Untar the archive and move to the /usr/local/pig

tar –xzvf pig-0.15.0.tar.gz

mv pig-0.15.0 pig

sudo mv pig /usr/local

· Set the environment variable PIG_HOME to point to the installation directory:

Gedit ~/.bashrc or nano ~/.bashrc

Add at the end of the file, below entry

export PIG_HOME=/usr/local/pig

export PATH=$PATH:$PIG_HOME/bin

Note:

1. Restart your terminal for applying a new change [ .bashrc] or

source ~/.bashrc

2. We don’t required to set Hadoop Home path in pig config because it scan the properties file and set HADOOP_HOME automatically.

Run Pig From CLI

pig

Verification:

PIG

pig –help

Pig support two execution mode

pig -x local (which point to your local system and run under single JVM).

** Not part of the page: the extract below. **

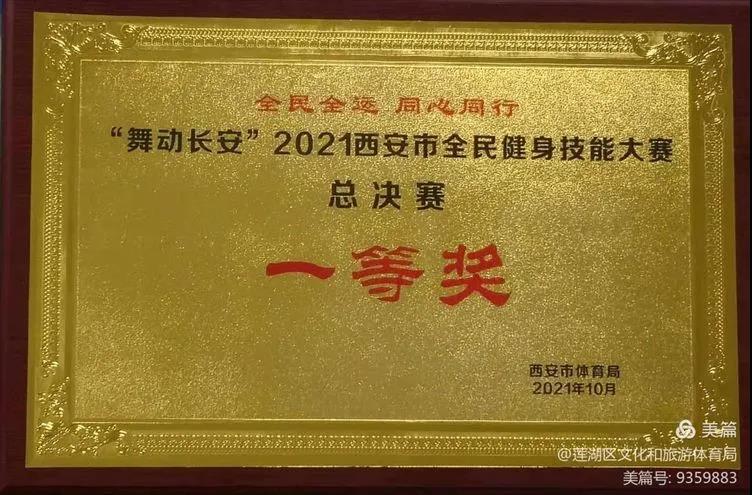 经过2天的热烈紧张比拼,莲湖区4支代表队分别获得健身操舞二等奖、武术一等奖、太极拳一等奖、综合一等奖,总成绩荣获“舞动长安”2021西安市全民健身技能大赛总决赛一等奖。

pig -x mapreduce or pig (This command will only work if hadoop is running which connect to Hadoop Cluster )

Pig - Modes of execution:

pig_modes_of_execution

First level of categorization is:
A.      Interactive : That is using grunt shell and user has to interact with grunt shell each time he want s to perform some operation on PIG
B.      BatchMode : User can run a set of command together as batch by saving it to a script file with extension .pig.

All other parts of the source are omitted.